So what was in that CD (could somebody remind me) and can it all be downloaded?


----------



## Don Haines (Oct 1, 2014)

go to :

http://www.usa.canon.com/cusa/consumer/products/cameras/slr_cameras/eos_5d_mark_iii?selectedName=DriversAndSoftware

and download EOS digital solution disk software 29.0A.......

That is the image of the latest version of the CD.... you will need to enter the serial number of your camera...


----------



## Mitch.Conner (Oct 1, 2014)

Don Haines said:


> go to :
> 
> http://www.usa.canon.com/cusa/consumer/products/cameras/slr_cameras/eos_5d_mark_iii?selectedName=DriversAndSoftware
> 
> ...



Thanks!

That has dpp, etc.?


----------



## Don Haines (Oct 1, 2014)

Mitch.Conner said:


> Don Haines said:
> 
> 
> > go to :
> ...


It should have everything.


----------



## Mitch.Conner (Oct 1, 2014)

Don Haines said:


> Mitch.Conner said:
> 
> 
> > Don Haines said:
> ...



Thanks again.
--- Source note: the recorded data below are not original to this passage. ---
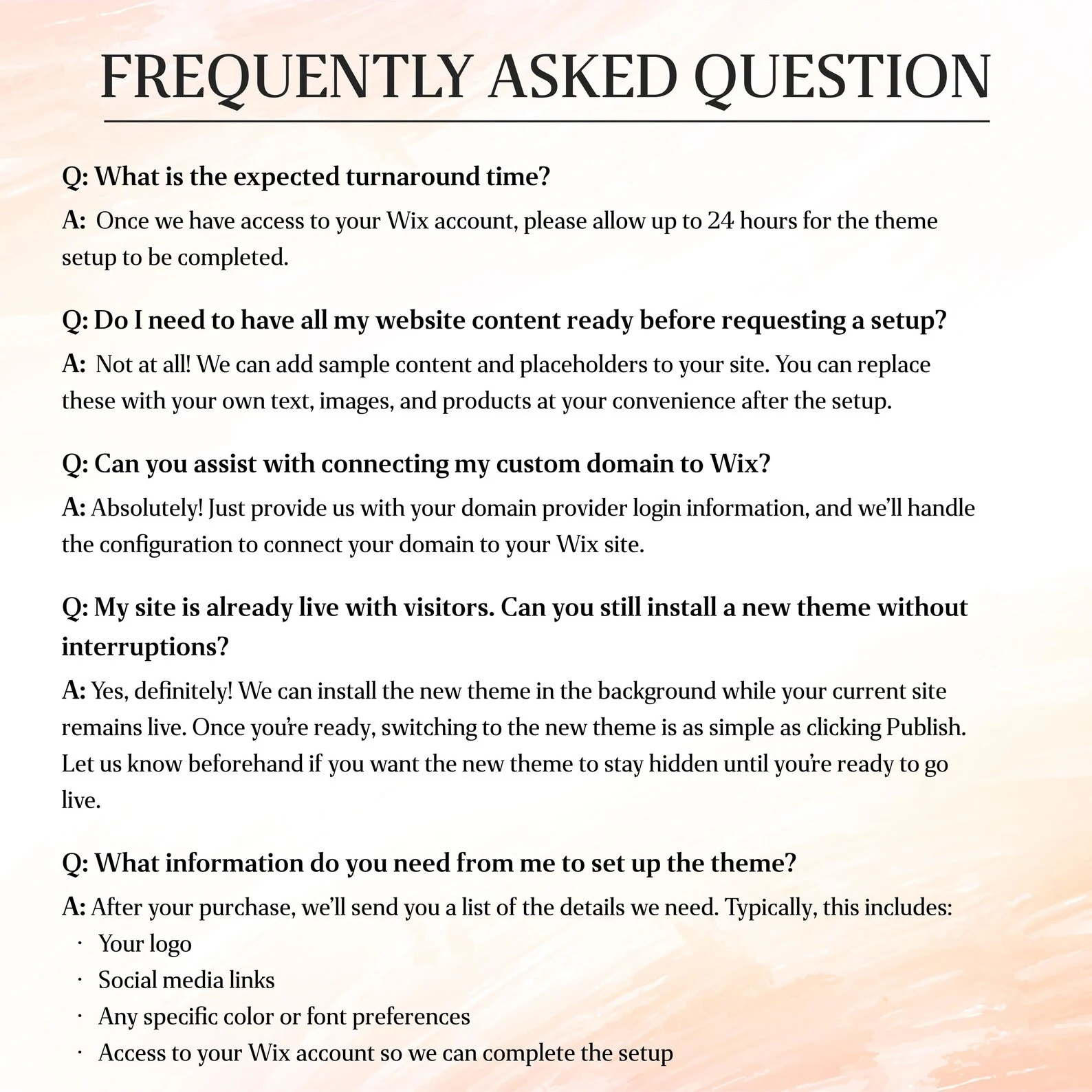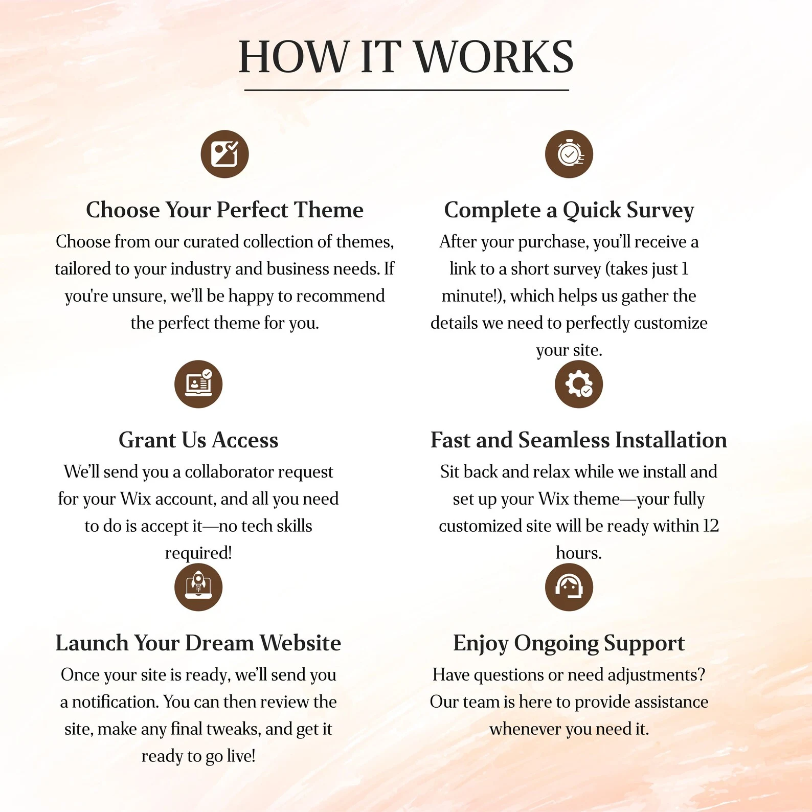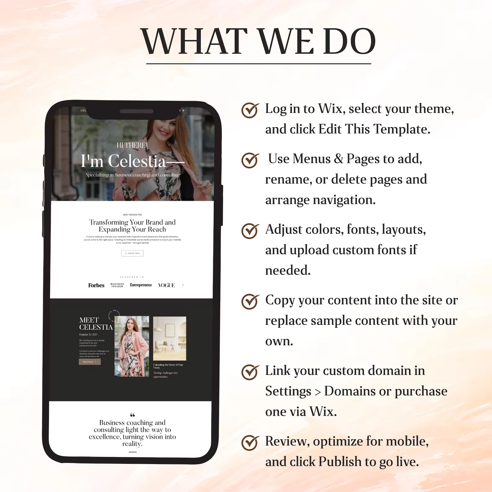 We’ll help you log in to Wix, select your template, and get everything set up. You’ll be able to: Adjust colors, fonts, layouts, and upload custom fonts if needed. Copy your content into the site or replace sample content with your own. Link your custom domain via Wix settings or purchase one directly. Review the entire site, optimize for mobile, and publish it live. This template is ideal for coaches, consultants, and entrepreneurs who want a clean, modern, and fully functional website. It’s easy to customize and comes with all the tools you need to establish a strong online presence. Launch your website quickly and grow your brand with confidence!Instant Download
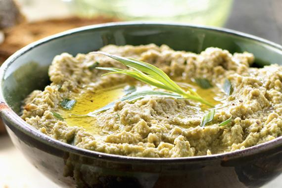 Vierte en un cuenco la Tapenade de aceitunas verdes, decora con estragón, aliña con lo que queda del aceite de oliva y... ¡ya está lista para servir!
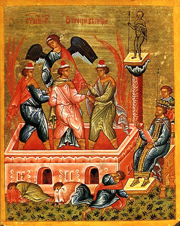 بعد ذلك بزمن نصب نبوخذ نصّر تمثالاً من الذهب وأمر أن يسجد له جميع الناس فأطاعه الخلق كلهم. ولكن وشى الكلدانيون بالفتية الثلاثة إنهم لم يذعنوا. فأرسل الملك في طلبهم غاضباً وهدّد بإلقائهم في وسط أتّون النار المتّقدة إن لم يفعلوا. فأبى الثلاثة أن يسجدوا لغير إلههم وأسلموا لربّهم. إذ ذاك أمر الملك بإحماء النار سبعة أضعاف وإلقاء الثلاثة فيها وهم في سراويلهم وأقمصتهم وأرديتهم وألبستهم. فمن لظى النار احترق الذين أتوا بالثلاثة إلى الأتّون. كان الثلاثة موثقين. وعوض أن تلتهم ألسنة اللهب الفتية نزل ملاك الرب إلى الأتّون وطرد لهيب النار وجعل في وسط الأتّون ما شبه نسيم الندى المنعش فلم تمسّهم النار البتّة، لا هم ولا ألبستهم، فأنشدوا وسبّحوا وباركوا الله.
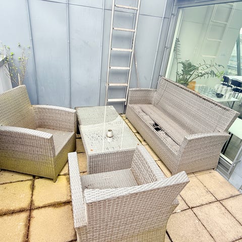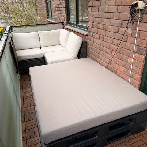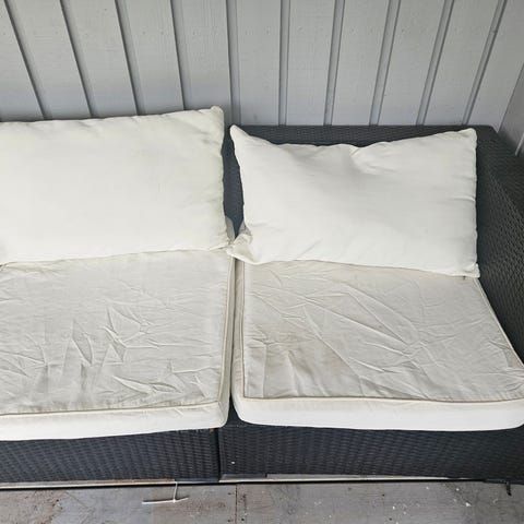 Modulsofa utemøbler i grå kunstrotting. Består av flere moduler som kan settes sammen til ønsket sittegruppe. Det kommer med puter men de har blitt veldig stygge men kan fåes med
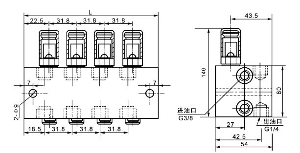 一、使用條件 VSL-KR型雙線分配器上下面均有給油口,分配器活塞正反向動作時(shí)分別從上面和下面的給油口排出潤滑脂;在相應(yīng)上、下給油口內(nèi)設(shè)有合二為一的排油結(jié)構(gòu),要改變奇數(shù)出油,只需將孔內(nèi)的螺釘擰出即可。還可以從指示桿的動作直接觀察分配器的工作情況,同時(shí)還可以通過調(diào)整螺釘在規(guī)定范圍內(nèi)調(diào)整各出油口的給油量。 該型分配器適用于公稱壓力為40MPa的雙線式干油集中潤滑系統(tǒng)中,在兩條供油主管交替的供油壓力作用下,直接由供油壓力控制活塞動作給油,完成向潤滑點(diǎn)定量分配潤滑脂的功能。
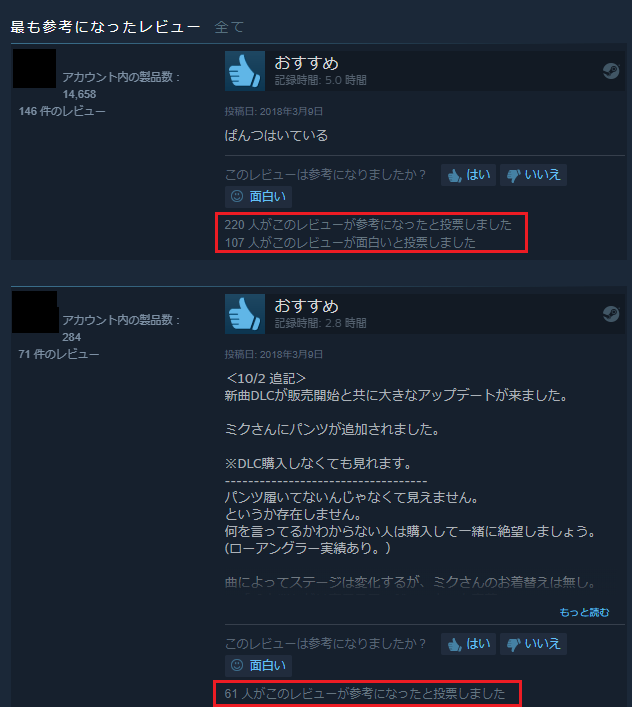 おわかりでしょうか、現時点で「最も参考になった」のレビューが「ぱんつはいている」なのです。
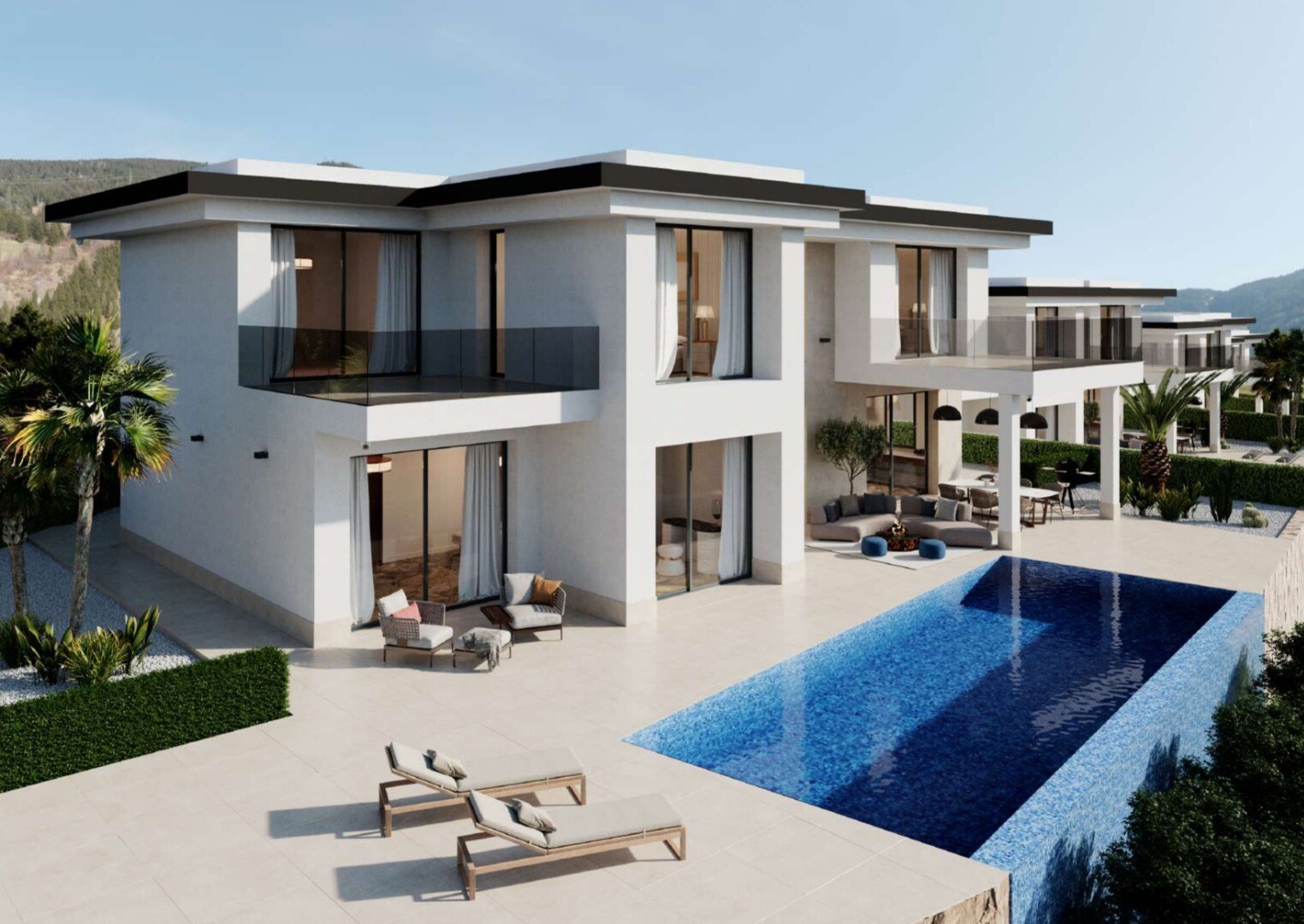 Naujas 3 šiuolaikinio stiliaus vilų su vaizdu į jūrą projektas, įsikūręs Finestrato savivaldybėje (Alikantė), apsuptas kalnuoto kraštovaizdžio ir vos 5 minutės kelio automobiliu nuo Benidormo.
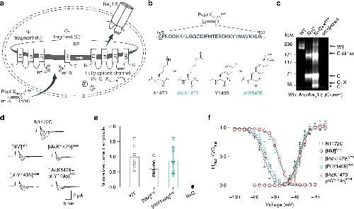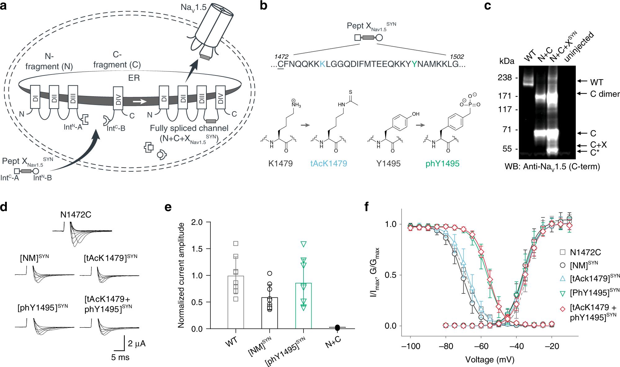 Fig. 3: Insertion of synthetic peptides into NaV1.5. a Schematic of strategy to reconstruct full-length NaV1.5 from recombinantly expressed N-/C-terminal fragments (N and C) and a synthetic peptide (XNav1.5SYN) in Xenopus laevis oocytes. Inteins A (CfaDnaE) and B (SspDnaBM86) indicated by square and round symbols, respectively. Note: we cannot exclude that splicing takes place at a different subcellular location than depicted. b Peptide XNav1.5SYN sequence corresponding to amino acids replaced in the NaV1.5 DIIIâDIV linker and chemical structures of native amino acids and PTM mimics (tAcK/phY) incorporated via chemical synthesis of peptide XNav1.5SYN. The N1472C (underlined) mutation was introduced to optimize splicing (Supplementary Fig. 1). c Immunoblot verifying the presence of fully spliced NaV1.5 only when peptide XNav1.5SYN was co-injected with N and C. Black arrows indicate band positions of the respective constructs (Actual MW of constructs: WT, 227âkDa; C, 79âkDa; Câ+âX, 65âkDa; C-terminal cleavage product, C*, 58âkDa). Band at ~150âkDa is possibly a dimer or aggregate of C. d Representative sodium currents (see Methods; only voltage steps from â50 to +10âmV in 10âmV steps are displayed), demonstrating expression of functional NaV1.5 when Xenopus laevis oocytes expressing N and C constructs were injected with synthetic peptides containing non-modifiable side chains in positions 1479 and 1495 (K1479R and Y1495F, NM), tAcK1479 or phY1495 or both PTM mimics together. e Average current amplitudes recorded at â35âmV from oocytes expressing N and C constructs and injected with synthetic peptide variant NM or phY1495 depicted as a bar plot (meanâ+â/â SD; WT, nâ=â8; NM, nâ=â9; phY, nâ=â8; Nâ+âC, nâ=â6). Currents normalized to mean currents measured from oocytes expressing the full-length WT construct. To ensure adequate control of voltage clamp, [Na+] in the extracellular recording solution was reduced (see Supplementary Fig. 3 for details). f Steady-state inactivation and conductanceâvoltage (GâV) relationships for PTM-modified/non-modified constructs (values displayed as meanâ+â/â SD; N1472C, nâ=â15; NM, nâ=â10; tAcK1479, nâ=â21; phY1495, nâ=â19; tAcK1479â+âphY1495, nâ=â14). Source data are provided as a Source data file. |
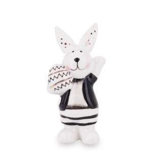 FIGURKA KRÓLIK BIAŁO CZARNY Z JAJKIEM 8,5x4,5x3
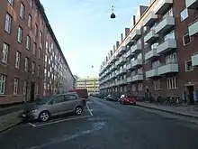 Solgården tegnet af Henning Hansen er murstensbyggeri fra 1931, åbnet for solen, lukket for uvedkommende: Skiltet ind til gården, hvor hoveddørene er, er i blå emalje og i samme skrifttype som københavnske gadeskilte 1929-89. ”Privat ejendom! Uvedkommende adgang forbudt!”
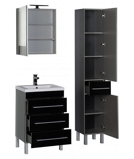 - тумба под раковину Aquanet Верона 58 черная: акриловая кромка, выдвижной ящик - 3 шт., ручка (хром) - 3 шт.

That was easier than I expected.


----------



## Don Haines (Oct 1, 2014)

Mitch.Conner said:


> Don Haines said:
> 
> 
> > Mitch.Conner said:
> ...



There are a lot of tablets and laptops now that don't have DVD-Roms.... Canon had to do something so they could install the software on them.... I'm always surprised when a company does something sensible


----------



## ScubaX (Oct 1, 2014)

Unless your away from home on a trip and forgot to install the GPS map utility that you wanted to use - it's available only on the original disk.


----------



## Valvebounce (Oct 2, 2014)

Hi ScubaX. 
I had a similar stupid setup, I had a UK version PDA that ran Route 66 software, on a trip to the USA I thought Route 66, American, I'll buy it when we arrive! Nope, you could buy and download the US maps, but ONLY in the UK???  Crazy! 

Cheers, Graham. 



ScubaX said:


> Unless your away from home on a trip and forgot to install the GPS map utility that you wanted to use - it's available only on the original disk.


----------